▶ [What the task requires] Everything from the first line of the data through the line with "quý phi xưa. |" is to be echoed exactly, minus the pictures.
Segment Start: Dataset records
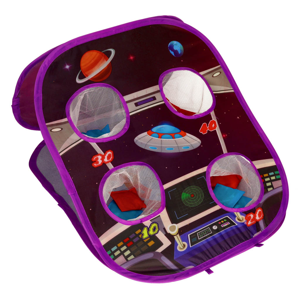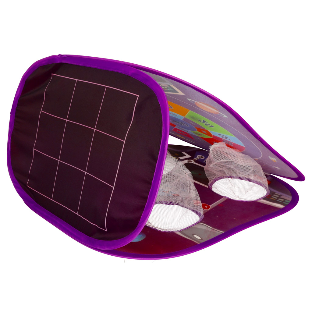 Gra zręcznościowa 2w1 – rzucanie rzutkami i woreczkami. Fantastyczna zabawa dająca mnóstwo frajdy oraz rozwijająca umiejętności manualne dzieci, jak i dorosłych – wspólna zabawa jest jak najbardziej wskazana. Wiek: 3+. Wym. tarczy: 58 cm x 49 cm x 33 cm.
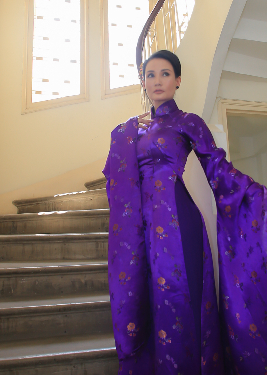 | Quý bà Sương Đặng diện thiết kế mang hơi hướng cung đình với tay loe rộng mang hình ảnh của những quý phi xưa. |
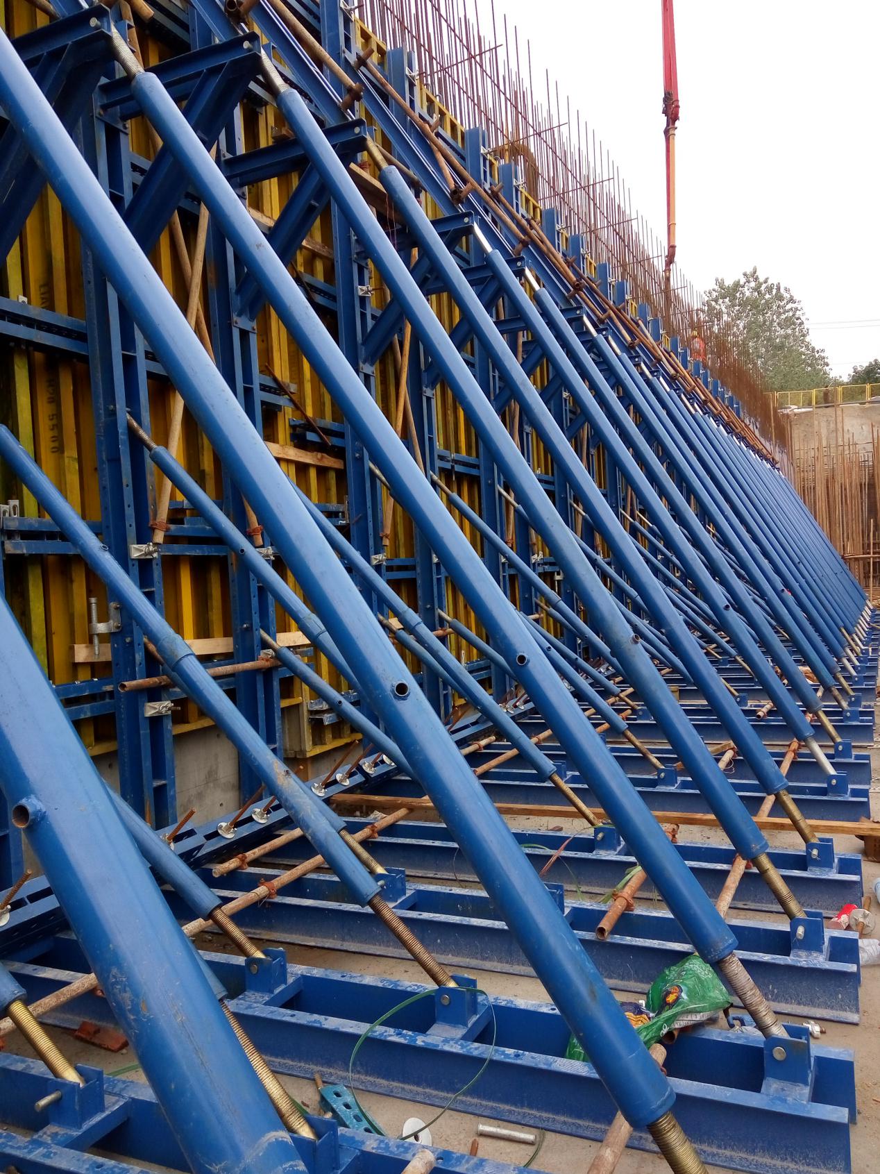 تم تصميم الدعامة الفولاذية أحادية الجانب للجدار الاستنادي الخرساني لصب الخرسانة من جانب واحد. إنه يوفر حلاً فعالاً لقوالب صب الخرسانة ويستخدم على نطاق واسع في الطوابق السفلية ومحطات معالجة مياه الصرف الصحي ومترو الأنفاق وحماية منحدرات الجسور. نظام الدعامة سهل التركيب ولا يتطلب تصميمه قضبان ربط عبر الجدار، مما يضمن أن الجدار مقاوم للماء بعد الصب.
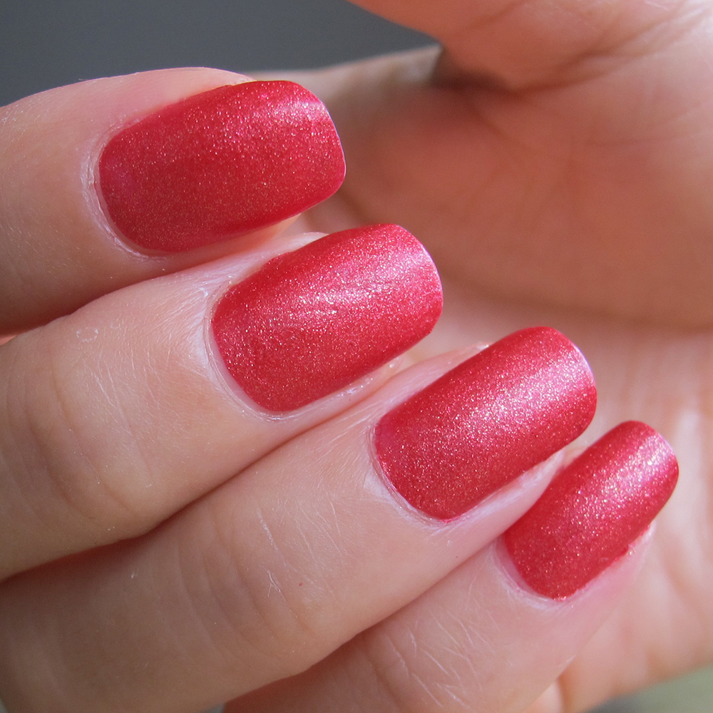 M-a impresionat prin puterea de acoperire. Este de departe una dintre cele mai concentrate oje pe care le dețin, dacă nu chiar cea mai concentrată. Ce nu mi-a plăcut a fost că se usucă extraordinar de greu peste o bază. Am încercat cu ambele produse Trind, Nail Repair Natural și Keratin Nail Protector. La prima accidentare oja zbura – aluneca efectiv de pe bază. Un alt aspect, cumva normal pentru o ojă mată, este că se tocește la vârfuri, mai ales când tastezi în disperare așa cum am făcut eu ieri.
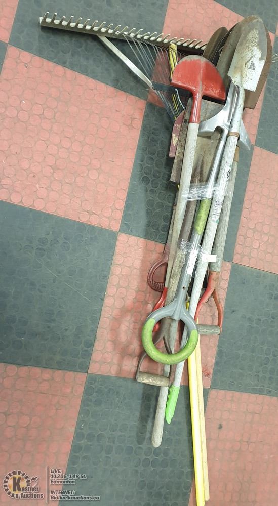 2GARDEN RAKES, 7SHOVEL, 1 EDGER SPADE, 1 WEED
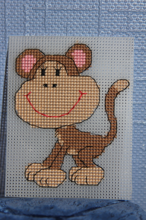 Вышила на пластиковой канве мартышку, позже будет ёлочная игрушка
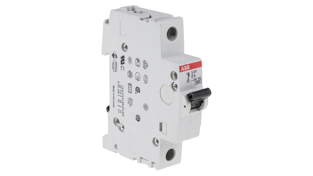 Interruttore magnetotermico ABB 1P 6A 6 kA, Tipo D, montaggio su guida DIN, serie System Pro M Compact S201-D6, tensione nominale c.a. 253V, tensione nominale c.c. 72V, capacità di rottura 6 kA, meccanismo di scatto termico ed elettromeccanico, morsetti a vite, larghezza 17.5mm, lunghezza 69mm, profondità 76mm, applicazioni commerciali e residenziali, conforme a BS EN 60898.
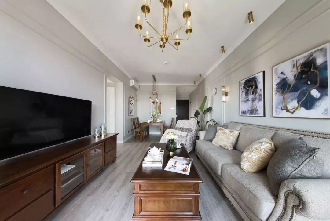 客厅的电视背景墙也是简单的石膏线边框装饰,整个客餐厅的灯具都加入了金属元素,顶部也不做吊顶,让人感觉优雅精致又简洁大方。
Segment End: Dataset records
▶ [Your response]
 Gra zręcznościowa 2w1 – rzucanie rzutkami i woreczkami. Fantastyczna zabawa dająca mnóstwo frajdy oraz rozwijająca umiejętności manualne dzieci, jak i dorosłych – wspólna zabawa jest jak najbardziej wskazana. Wiek: 3+. Wym. tarczy: 58 cm x 49 cm x 33 cm.
 | Quý bà Sương Đặng diện thiết kế mang hơi hướng cung đình với tay loe rộng mang hình ảnh của những quý phi xưa. |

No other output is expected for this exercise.